> Data block
· · · · ·

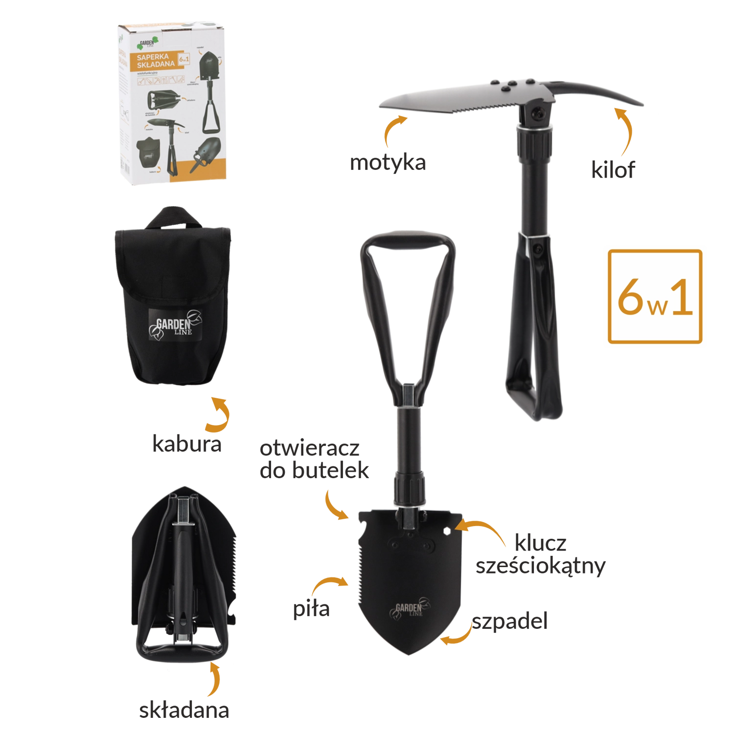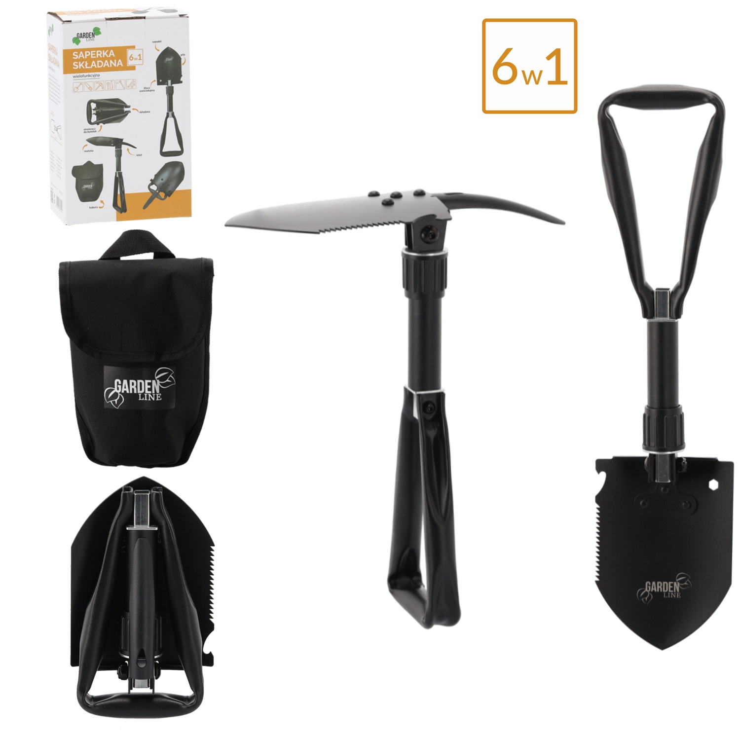 Táto odolná skladacia sapérka kombinuje lopatku, motyku, pílu, krumpáč, šesťhranný kľúč a otvárač fliaš v jedinom nástroji. Zvládne kopanie, rozbíjanie pôdy, rezanie koreňov a konárov aj drobné outdoorové práce. Oceľový list z mangánovej ocele s pílovým ostrím a uzamykateľný kĺb zaistia stabilitu pri záťaži.
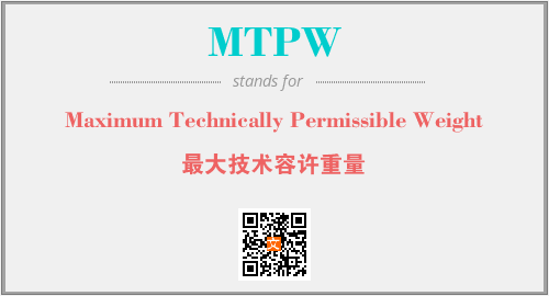 英文缩略词“MTPW”经常作为“Maximum Technically Permissible Weight”的英文缩写来使用,中文表示:“最大技术容许重量”。本文将详细介绍英文缩写词MTPW所代表英文单词,其对应的中文拼音、详细解释以及在英语中的流行度。此外,还有关于缩略词MTPW的分类、应用领域及相关应用示例等。
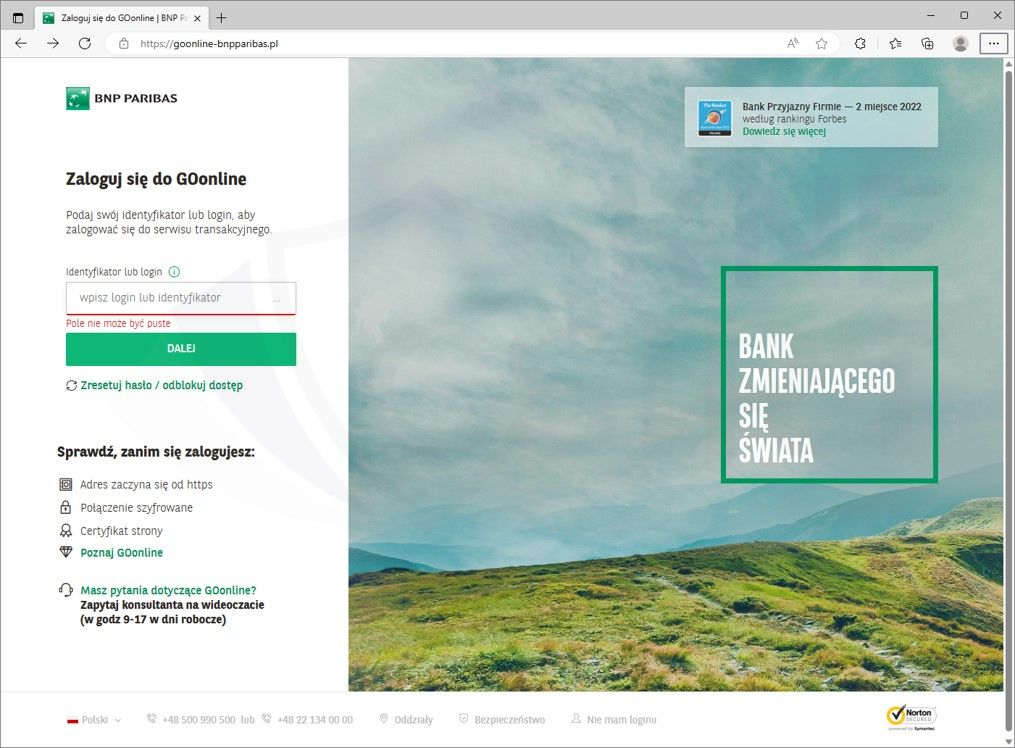 Rysunek 5 Fałszywa strona podszywająca się pod Bank BNP PARIBAS
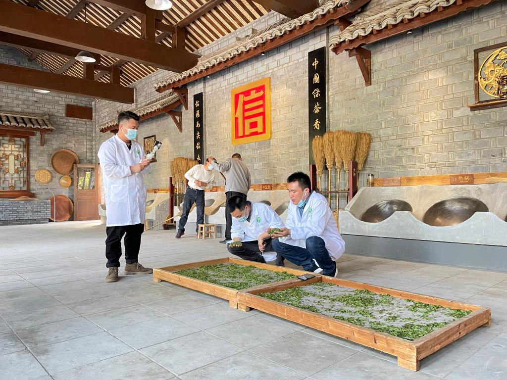 服务团在beat365在线平台官网的产学研合作基地文新茶叶科技园区,考察了手工炒茶房、机械化生产车间、文新茶村。针对文新引进的信阳毛尖特色智能化生产线,信阳红茶生产线的生产量、参数设置与茶叶品质关系,机制与手工信阳毛尖品质差异,服务团团长郭桂义教授与总负责设备工程师进行交流并提供自己的一些建议和看法。随后,服务团前往何家寨,了解了何家寨茶园采摘情况,与一些茶农进行了交流,考察了一些农户作坊,并对其生产的信阳毛尖进行了品鉴,针对如何更进一步改变参数,提高品质,充分发挥何家寨的优势地理下高山出好茶的品质特点。最后,服务团来到信阳农林学茶学院实习基地嘉木饮,考察了直播间、茶文化馆与生产车间,并与在此就业的学生们进行了交流。

· · · · ·

> Task to carry out
Copy out every line above, word for word, minus images.

> Response
 Táto odolná skladacia sapérka kombinuje lopatku, motyku, pílu, krumpáč, šesťhranný kľúč a otvárač fliaš v jedinom nástroji. Zvládne kopanie, rozbíjanie pôdy, rezanie koreňov a konárov aj drobné outdoorové práce. Oceľový list z mangánovej ocele s pílovým ostrím a uzamykateľný kĺb zaistia stabilitu pri záťaži.
 英文缩略词“MTPW”经常作为“Maximum Technically Permissible Weight”的英文缩写来使用,中文表示:“最大技术容许重量”。本文将详细介绍英文缩写词MTPW所代表英文单词,其对应的中文拼音、详细解释以及在英语中的流行度。此外,还有关于缩略词MTPW的分类、应用领域及相关应用示例等。
 Rysunek 5 Fałszywa strona podszywająca się pod Bank BNP PARIBAS
 服务团在beat365在线平台官网的产学研合作基地文新茶叶科技园区,考察了手工炒茶房、机械化生产车间、文新茶村。针对文新引进的信阳毛尖特色智能化生产线,信阳红茶生产线的生产量、参数设置与茶叶品质关系,机制与手工信阳毛尖品质差异,服务团团长郭桂义教授与总负责设备工程师进行交流并提供自己的一些建议和看法。随后,服务团前往何家寨,了解了何家寨茶园采摘情况,与一些茶农进行了交流,考察了一些农户作坊,并对其生产的信阳毛尖进行了品鉴,针对如何更进一步改变参数,提高品质,充分发挥何家寨的优势地理下高山出好茶的品质特点。最后,服务团来到信阳农林学茶学院实习基地嘉木饮,考察了直播间、茶文化馆与生产车间,并与在此就业的学生们进行了交流。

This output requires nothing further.